The social network’s shares rose more than 8.5% in premarket trading.

The solid financials came despite heavy investments in safety and security, making the results even more impressive, Morgan Stanley analyst Brian Nowak said. Though profit took a hit thanks to an anticipated fine of at least $3 billion from the Federal Trade Commission over privacy violations, the possible charge didn’t appear to derail long-term theses.

“What a start to 2019,” Nowak wrote in a note to clients. The strong result “speaks to the strength of its engagement, ad offering and ability to drive earnings power … even while aggressively investing to improve its platform.”

Digging into the numbers, Facebook sales, monthly active users and average revenue per user all topped estimates in the quarter. That was enough to draw an upgrade from UBS analyst Eric Sheridan, who changed his rating on Facebook shares to buy from neutral.

“We continue to see FB as a core large cap Internet holding for strong revenue growth at reasonable valuation multiples against 2-3 year growth,” he wrote. “Based on our analysis, medium-term growth opportunities (Instagram, Video & Messenger) are under-appreciated relative to peers.”

Facebook’s profit, revenue and user numbers hit record highs during the quarter. Facebook shares closed at $182.58 on Wednesday.

Here’s a wrap of all the major analyst opinions.

UBS (buy; $240 target)

“While 2019 remains a year of transition, FB mgmt has now produced multiple quarters with ahead of consensus revenue/EPS performance (we believe driven by user/engagement/revenue growth on Instagram). Instagram is now one of the Internet’s large scaled digital ad platforms that can sustain growth & operating leverage (even as the platform transitions to Stories/Shopping) for years to come.
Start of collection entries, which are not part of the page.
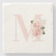 Posavasos De Piedra Monograma floral de brillo rosa femenino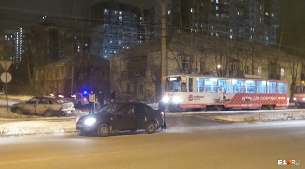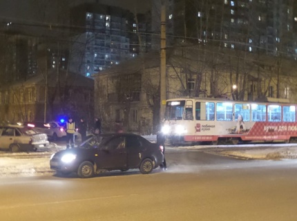 На Вторчермете водителю трамвая пришлось вытаскивать с путей автомобиль, который мешал проехать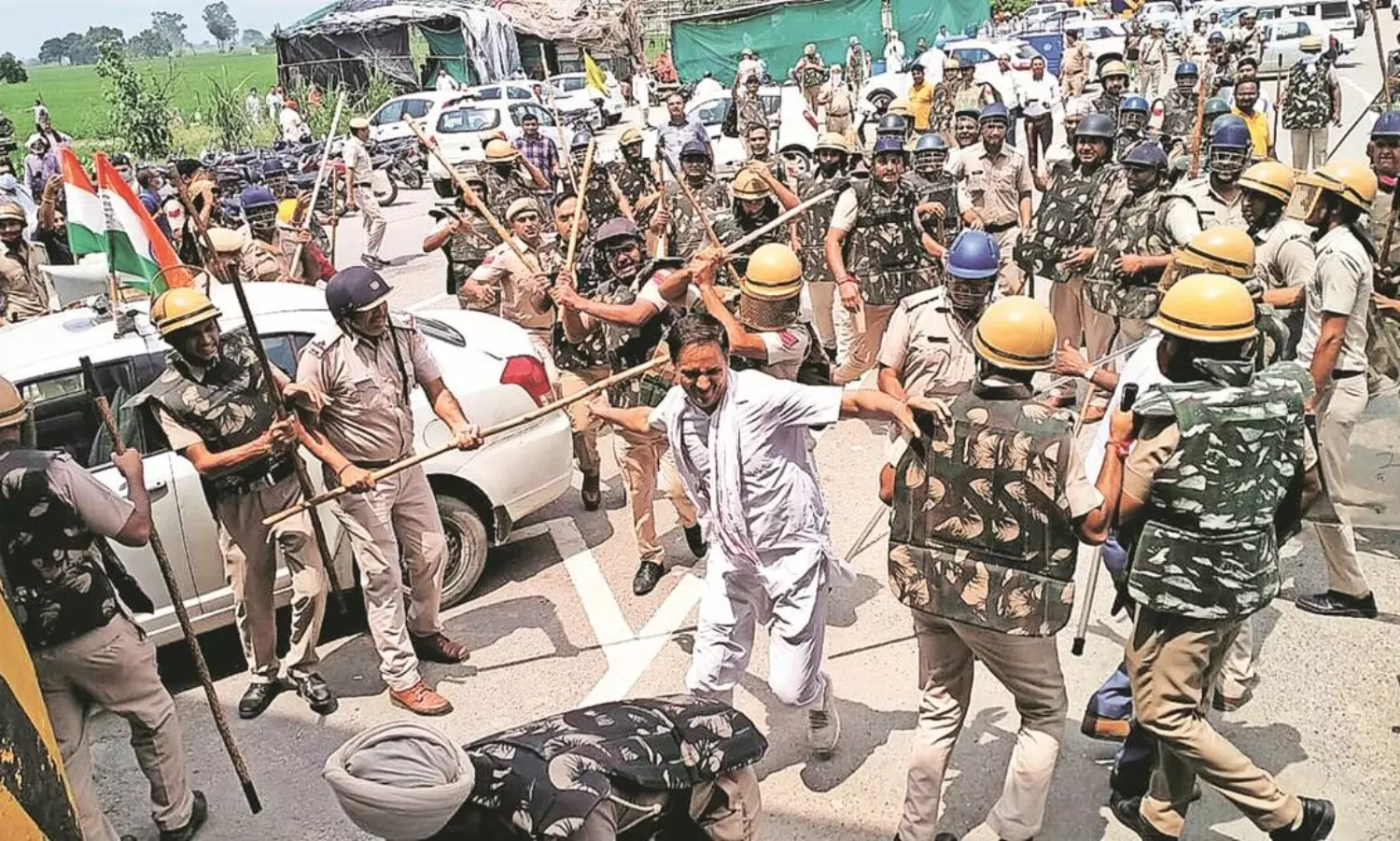 പ്രതിഷേധിക്കുന്ന കർഷകരുടെ തല തല്ലിപ്പൊളിക്കാന് കര്ണാല് സബ് ഡിവിഷണല് മജിസ്ട്രേറ്റ് ആയുഷ് സിന്ഹ ഉന്നത പൊലീസുകാർക്ക് നിര്ദേശം നല്കിയതില് കര്ഷക പ്രതിഷേധം ശക്തമായിരുന്നു. ആയുഷ് സിന്ഹ പൊലീസുകാര്ക്ക് നിര്ദേശം നല്കുന്ന ദൃശ്യങ്ങള് സമൂഹമാധ്യമങ്ങളില് പ്രചരിച്ചതോടെ രൂക്ഷ വിമര്ശനങ്ങളാണ് ഉയര്ന്നത്.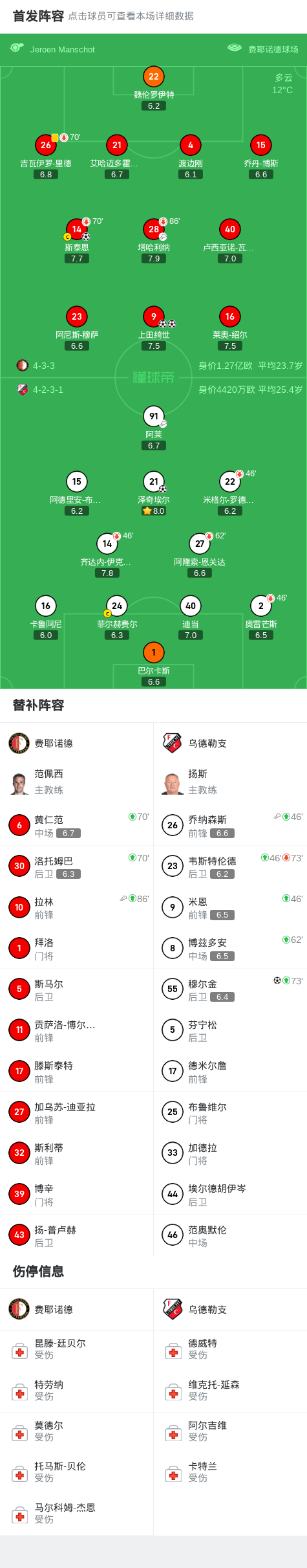 第88分钟,费耶诺德球员拉林助攻上田绮世打入一球。

While concerns will persist about core Facebook maturation, regulatory headwinds and/or safeguarding the platform for a privacy first approach, we think the market now better understands many of those risks (as they dominate almost all of our investor conversations).”

Citi (buy; $212 target)

“FB reported strong 1Q19 results, with revenue slightly ahead of even the most bullish expectations and expense growth slowing more than most expected … All in, we see a combination of solid topline growth and improving expense trends to result in a 20% 3-yr revenue CAGR, stabilizing margins in 2020, and >$8 in GAAP EPS in 2020. With the equity currently valued at 24x our 20E GAAP EPS and with strong/improving fundamentals, we maintain our Buy rating.”

Morgan Stanley (buy; $210 target)

“What a start to 2019: FB’s strong start to 2019 – across the board 1Q revenue, free cash flow, EPS and active user beats – speaks to the strength of its engagement, ad offering and ability to drive earnings power…even while aggressively investing to improve its platform safety/security, product offerings, and monetization. We were particularly impressed by the 32% free cash flow beat as strong top-line and more capex/opex discipline drove upside. Advertising upside was driven by broad strength across Instagram News Feed, Stories and core Facebook News Feed (where pricing continues to rise).”

J.P. Morgan (overweight; $245 target)

“We believe 1Q represents another qtr in which FB showed its ability to maintain strong engagement & also effectively manage revenue deceleration, which should give the Street increased confidence going forward. We continue to believe that FB can deliver 20’s% revenue growth in 2020 w/moderating expense growth, driving strong re-acceleration in earnings growth next year—we model ~17% growth ex-accrual.”

Goldman Sachs (buy; $228 target)

“Buy-rated Facebook reported 1Q19 revenue above expectations. Total ad revenue of $14.91bn came in above the Street, with FactSet consensus of $14.78bn. While management accrued $3bn in the quarter for an FTC settlement, if we exclude this one-time item, GAAP operating margins would have been 42% (vs. 22% reported) which easily surpassed the Street forecast of 35.9%. GAAP EPS including the accrual was $0.85, however if we exclude this non-tax deductible accrual GAAP EPS would have been $1.89 which compares to consensus of $1.62. Below the line items were a $0.03 headwind to EPS in the quarter.”

Bank of America Merrill Lynch (buy; $187 target)

“Results were quite strong, though call commentary that privacy would impact revenue growth in 2H’19 and that Facebook remains committed to investing in 2019 “and 2020″ may take away some of the trading momentum on potential for positive estimate revisions. Still with Facebook again beating its 1Q revenue outlook and lowering its expense guide, Street may see commentary as conservative. With revenue growth rates exceeding expectations (only a modest 2 points of q/q deceleration from shift to stories) we reiterate our Buy and remain optimistic on stories, messaging and video monetization, while expense growth is likely near a y/y peak.”

Barclays (overweight; $240 target)

“Facebook reported revenue ~1% and OI (ex-fine) 18% above consensus in 1Q. Shares remain under-owned among the long-only community based on our conversations, so we may start to see a “performance chasing” dynamic as shares continue to ascend. The tone of the call was upbeat and Zuckerberg did a very good job explaining his longer-term vision which should put to rest some of the confusion following the early March manifesto. Stepping back, at 20x 2020 EPS, given the light LO positioning, we still see FB as one of the more compelling ideas in mega cap internet.”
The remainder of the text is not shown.